*** Opening of Data to use ***

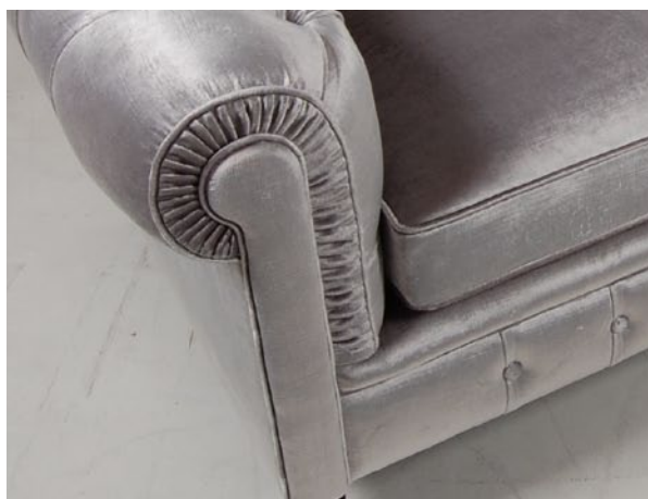
Roused & capped facing
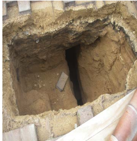
Coal mining related fissures
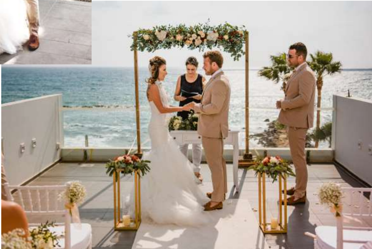
Illustrated with Rooftop Spa Ceremony & West Mosaics Restaurant Reception
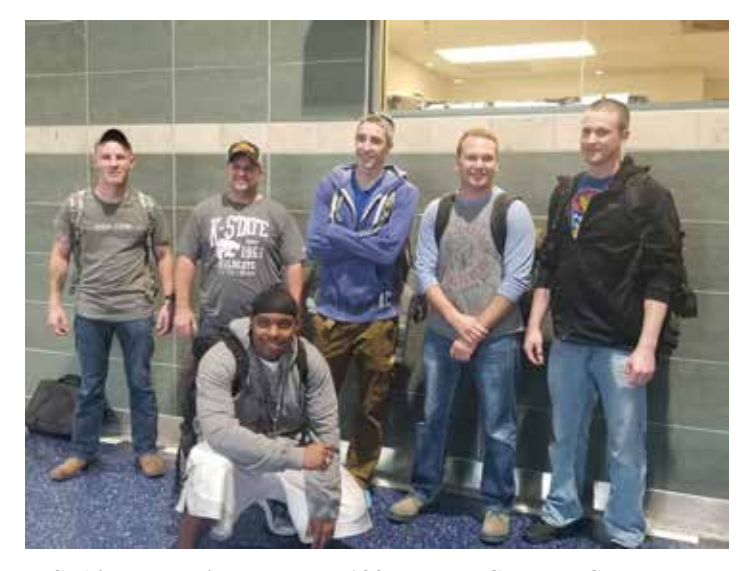
U.S. Airmen assigned to the 139th Force Support Squadrondepart for a 6-month deployment in support of contingency operations.

Our deployment function processed all 326 wing members out the door over a three month period and then welcomed them home over 35 days, hosting 25 receptions; to include seven from FSS. Furthermore, FSS processed 24 passports and 82 promotions, 1,398 ID cards, and 117 enlistments.
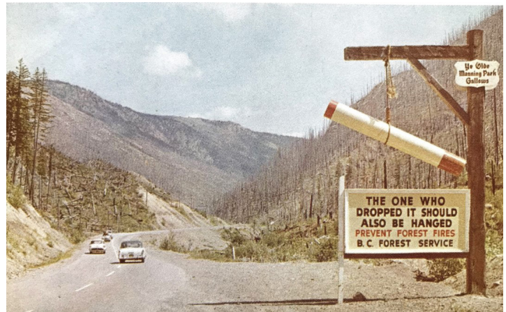
Coast Publishing Company c. 1958
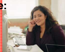
Child Welfare Case Worker

Decision making authority concentrated at the top
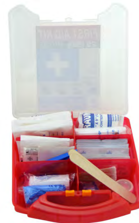
GK - 01008
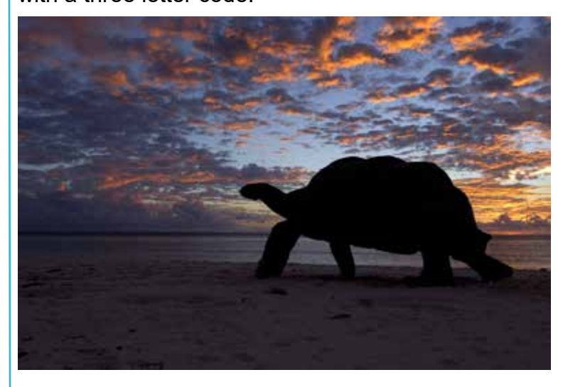
Giant tortoise at sunset on Aldabra

and reproductive ecology. The programme is a continuation and expansion of monitoring that has been ongoing at the atoll since the 1990s. For the first 15 years the monitoring programme counted but did not mark tortoises, and there were enormous benefits in data quality and information once we started to mark individual animals. We've now marked most tortoises on Picard by branding their scutes or shells with a three letter code.
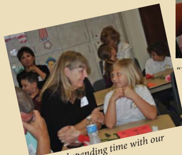
"We liked spending time with our grandparents."
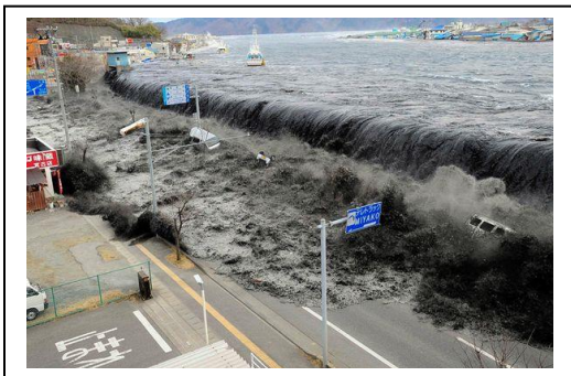
The 10 metre wave which swept over Japan destroyed buildings, cars, and harbours. The devastation is immense.

In the last issue, we talked about getting involved in the community or around the world. We are now being faced with a new disaster in Japan where help will be needed from all corners of the world. Here is a small breakdown of the events of the past week.
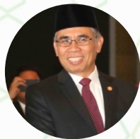
* Wimboh Santoso, Ph.D Chief of Commissioner of OJK Chairman of MES, Indonesia
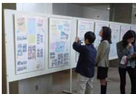
↓ DRR Program Panel Exhibition
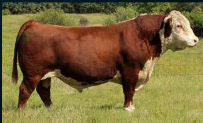
HARVIE AD HARLEN ET 199B
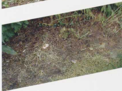
5 days after treatment

QuikPRO ® Herbicide Powered by Roundup TECHNOLOGY™
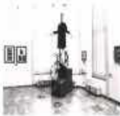
The results of the study showed that the experimental group had a significantly higher rate of recovery than the control group. This suggests that the intervention is effective in treating the condition. The study was conducted in a laboratory setting, which may limit the generalizability of the findings. However, the study was well-controlled and the results are statistically significant. The study was conducted over a period of 12 weeks, which is a reasonable duration for this type of study.
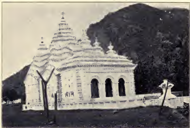
TEMPLE OF JUGGERNAUT
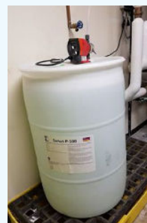
NSF SCALE & CORROSION INHIBITORS
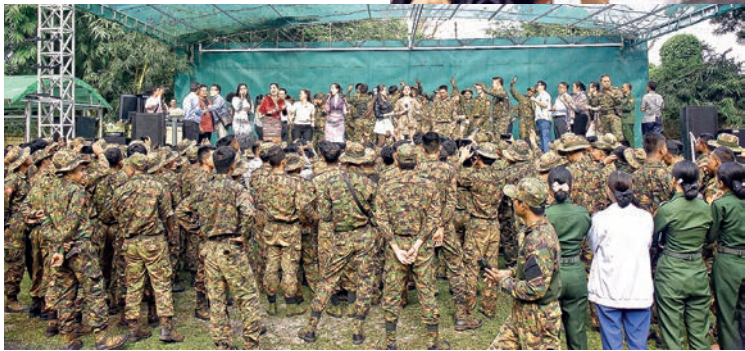
Photos above and left below showcases Tatmadaw and Police members enjoying performances by artistes.

artistes, and highlighted the sacrifices of Tatmadaw and police members to regain state stability, whereas the management and reconstruction processes of

*** Close of Data to use ***

**Required action**
Copy out nothing but the lines from the beginning of the records through the one that contains "U.S. Airmen assigned". Skip the pictures.

**Answer to this problem**
Roused & capped facing
Coal mining related fissures
Illustrated with Rooftop Spa Ceremony & West Mosaics Restaurant Reception
U.S. Airmen assigned to the 139th Force Support Squadrondepart for a 6-month deployment in support of contingency operations.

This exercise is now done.